The whole listing, exactly as given: write it out, leaving out each image.

GIVEN INFORMATION:

▼

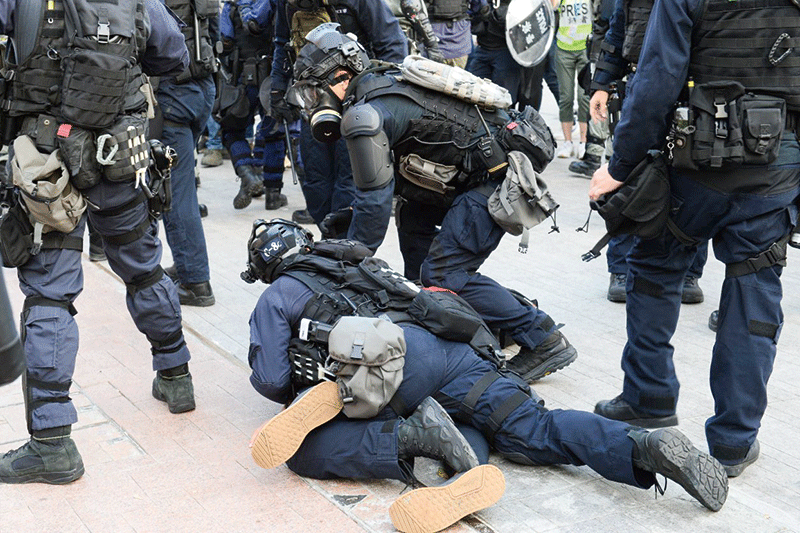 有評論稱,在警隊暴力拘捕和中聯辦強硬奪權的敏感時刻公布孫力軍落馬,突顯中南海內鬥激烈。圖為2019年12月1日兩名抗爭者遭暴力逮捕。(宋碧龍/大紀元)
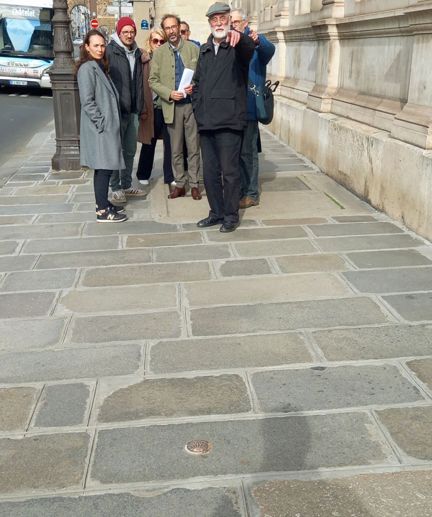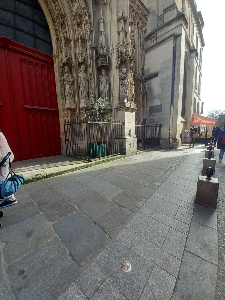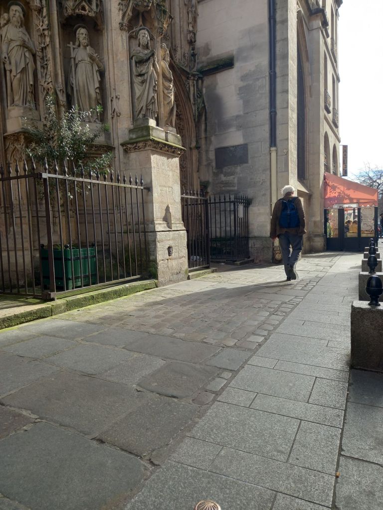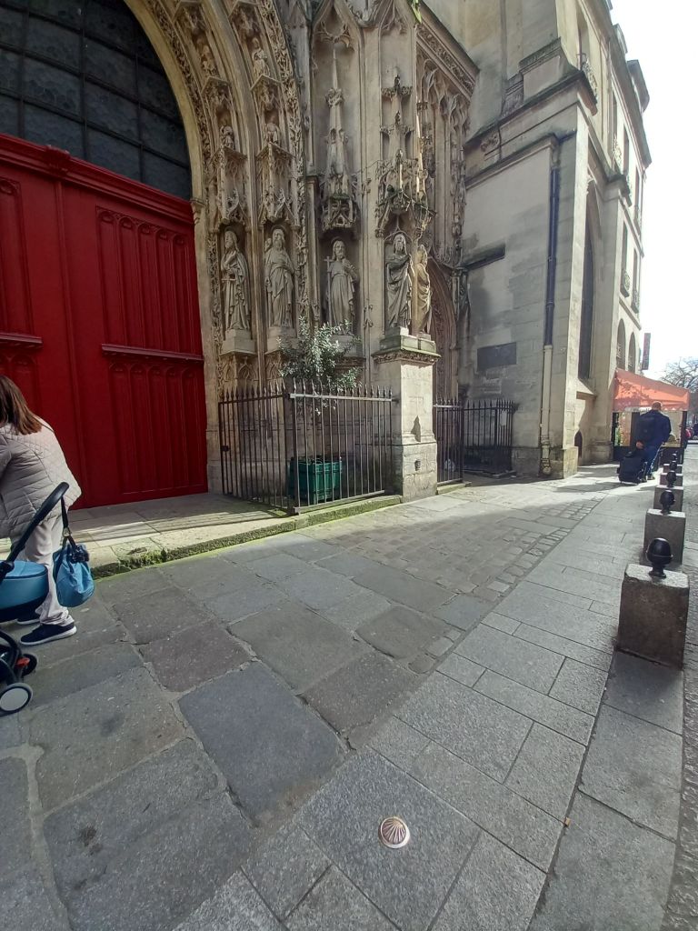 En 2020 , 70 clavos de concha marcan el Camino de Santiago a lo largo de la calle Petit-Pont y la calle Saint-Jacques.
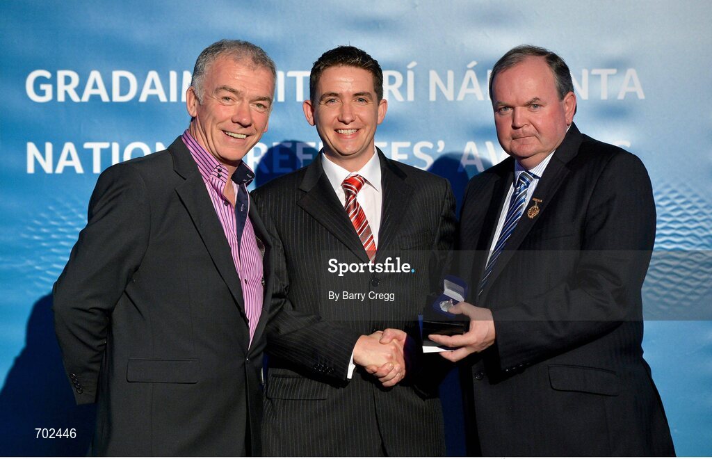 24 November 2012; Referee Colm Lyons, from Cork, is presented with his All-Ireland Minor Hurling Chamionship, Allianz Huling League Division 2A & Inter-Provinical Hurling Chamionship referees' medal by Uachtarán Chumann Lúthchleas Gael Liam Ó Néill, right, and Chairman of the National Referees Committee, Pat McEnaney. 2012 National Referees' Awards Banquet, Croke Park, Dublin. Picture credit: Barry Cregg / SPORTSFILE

▲

ANSWER:
 有評論稱,在警隊暴力拘捕和中聯辦強硬奪權的敏感時刻公布孫力軍落馬,突顯中南海內鬥激烈。圖為2019年12月1日兩名抗爭者遭暴力逮捕。(宋碧龍/大紀元)
 En 2020 , 70 clavos de concha marcan el Camino de Santiago a lo largo de la calle Petit-Pont y la calle Saint-Jacques.
 24 November 2012; Referee Colm Lyons, from Cork, is presented with his All-Ireland Minor Hurling Chamionship, Allianz Huling League Division 2A & Inter-Provinical Hurling Chamionship referees' medal by Uachtarán Chumann Lúthchleas Gael Liam Ó Néill, right, and Chairman of the National Referees Committee, Pat McEnaney. 2012 National Referees' Awards Banquet, Croke Park, Dublin. Picture credit: Barry Cregg / SPORTSFILE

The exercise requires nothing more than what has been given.